(Data excerpt):
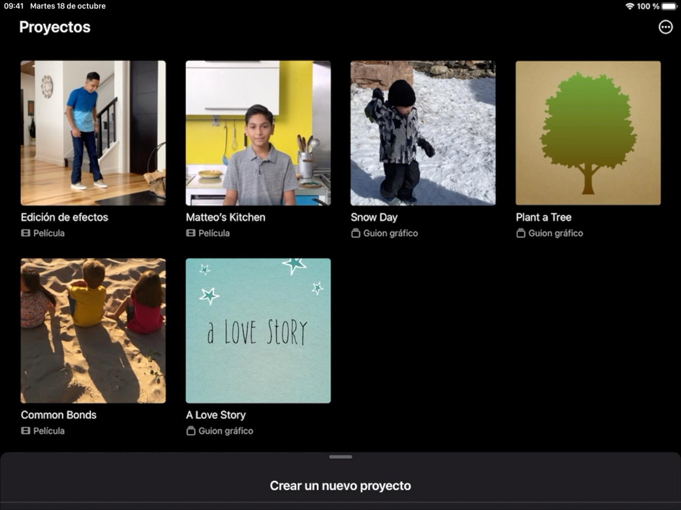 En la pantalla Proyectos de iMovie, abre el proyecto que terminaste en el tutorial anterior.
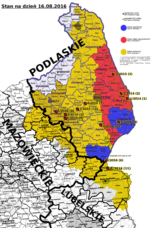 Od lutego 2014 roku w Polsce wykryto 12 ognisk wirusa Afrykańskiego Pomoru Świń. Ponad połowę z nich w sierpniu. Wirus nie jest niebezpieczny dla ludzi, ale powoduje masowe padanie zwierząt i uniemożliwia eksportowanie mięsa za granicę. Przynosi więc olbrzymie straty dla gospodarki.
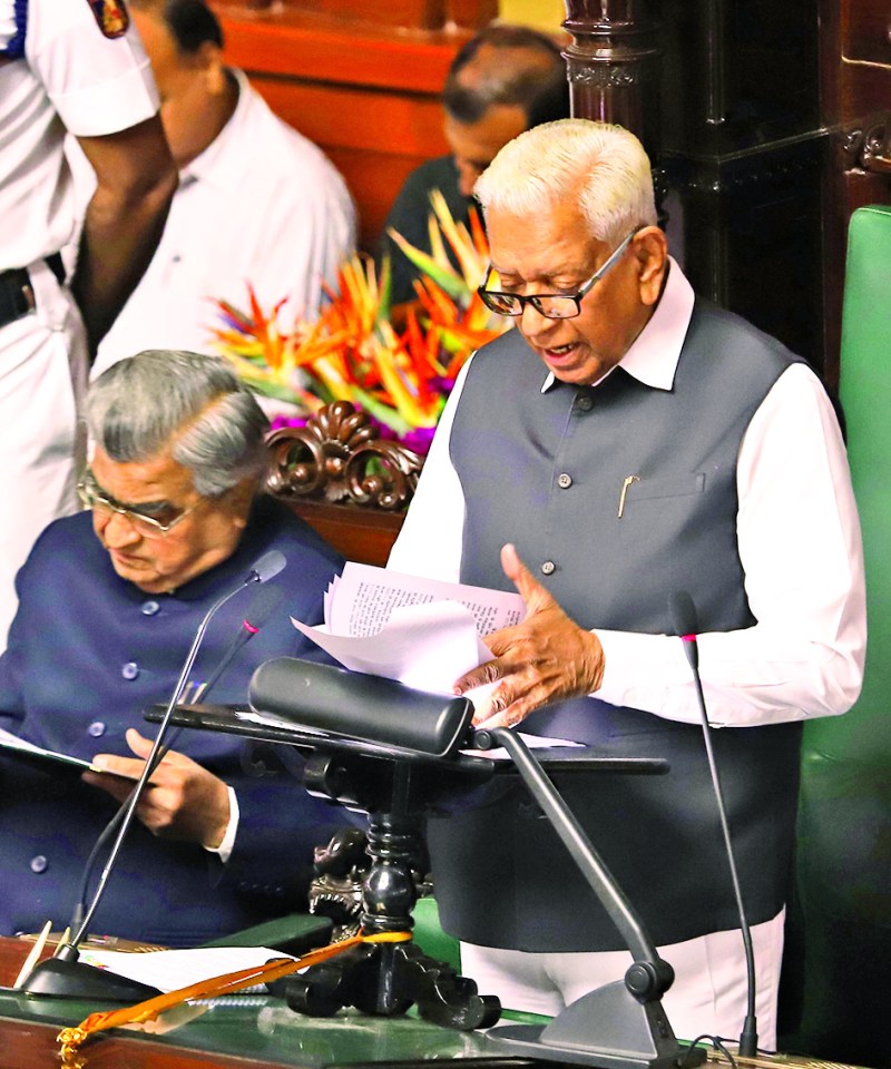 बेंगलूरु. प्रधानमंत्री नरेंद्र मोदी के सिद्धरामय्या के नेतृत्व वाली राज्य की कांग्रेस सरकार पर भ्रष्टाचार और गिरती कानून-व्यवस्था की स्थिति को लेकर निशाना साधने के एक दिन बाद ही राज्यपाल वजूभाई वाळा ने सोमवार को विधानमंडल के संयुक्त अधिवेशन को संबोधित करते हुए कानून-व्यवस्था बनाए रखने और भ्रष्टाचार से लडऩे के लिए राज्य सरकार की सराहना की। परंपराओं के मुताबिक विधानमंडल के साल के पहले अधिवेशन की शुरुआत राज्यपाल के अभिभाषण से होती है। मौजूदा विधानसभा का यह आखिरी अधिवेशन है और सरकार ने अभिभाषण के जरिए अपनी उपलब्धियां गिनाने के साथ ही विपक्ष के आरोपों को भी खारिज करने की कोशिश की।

(What is required): The material above must be set down word for word, with no picture carried over.

(Your solution):
 En la pantalla Proyectos de iMovie, abre el proyecto que terminaste en el tutorial anterior.
 Od lutego 2014 roku w Polsce wykryto 12 ognisk wirusa Afrykańskiego Pomoru Świń. Ponad połowę z nich w sierpniu. Wirus nie jest niebezpieczny dla ludzi, ale powoduje masowe padanie zwierząt i uniemożliwia eksportowanie mięsa za granicę. Przynosi więc olbrzymie straty dla gospodarki.
 बेंगलूरु. प्रधानमंत्री नरेंद्र मोदी के सिद्धरामय्या के नेतृत्व वाली राज्य की कांग्रेस सरकार पर भ्रष्टाचार और गिरती कानून-व्यवस्था की स्थिति को लेकर निशाना साधने के एक दिन बाद ही राज्यपाल वजूभाई वाळा ने सोमवार को विधानमंडल के संयुक्त अधिवेशन को संबोधित करते हुए कानून-व्यवस्था बनाए रखने और भ्रष्टाचार से लडऩे के लिए राज्य सरकार की सराहना की। परंपराओं के मुताबिक विधानमंडल के साल के पहले अधिवेशन की शुरुआत राज्यपाल के अभिभाषण से होती है। मौजूदा विधानसभा का यह आखिरी अधिवेशन है और सरकार ने अभिभाषण के जरिए अपनी उपलब्धियां गिनाने के साथ ही विपक्ष के आरोपों को भी खारिज करने की कोशिश की।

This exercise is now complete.